● **Available data**:
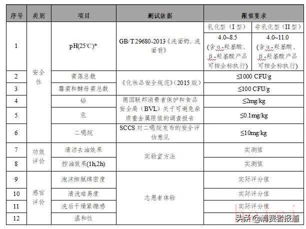 本次比較試驗檢測項目采用國家標準方法、實驗室通用方法進行檢測,從安全性、功效評價和感官評價三大方面展開男士洗面奶產(chǎn)品品質(zhì)比拼,詳細項目與要求見表1。
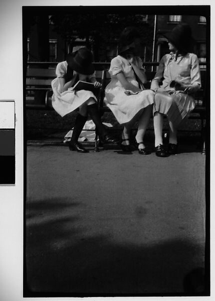 - Title: [Three Women in Bonnets on Bench, New York City]
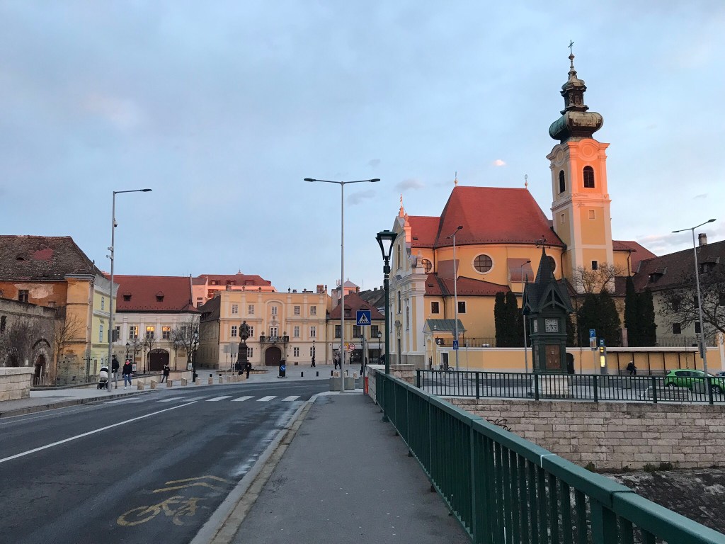 La mairie est impressionnante, surtout de nuit quand elle est toute illuminée. Mais il n’y a pas que ça à voir. Ça vaut la peine de se balader dans les rues pavées de la vieille ville, d’admirer le palais Széchenyi sur la place du même nom et l’évêché, ou d’aller voir la basilique de notre dame de l’assomption (j’ai renoncé à mettre le nom en hongrois, mon correcteur d’orthographe est au bord de la crise de nerfs).

● **Your objective**: Would you return the whole listing exactly, without the pictures?

● **Reply to the task**:
 本次比較試驗檢測項目采用國家標準方法、實驗室通用方法進行檢測,從安全性、功效評價和感官評價三大方面展開男士洗面奶產(chǎn)品品質(zhì)比拼,詳細項目與要求見表1。
 - Title: [Three Women in Bonnets on Bench, New York City]
 La mairie est impressionnante, surtout de nuit quand elle est toute illuminée. Mais il n’y a pas que ça à voir. Ça vaut la peine de se balader dans les rues pavées de la vieille ville, d’admirer le palais Széchenyi sur la place du même nom et l’évêché, ou d’aller voir la basilique de notre dame de l’assomption (j’ai renoncé à mettre le nom en hongrois, mon correcteur d’orthographe est au bord de la crise de nerfs).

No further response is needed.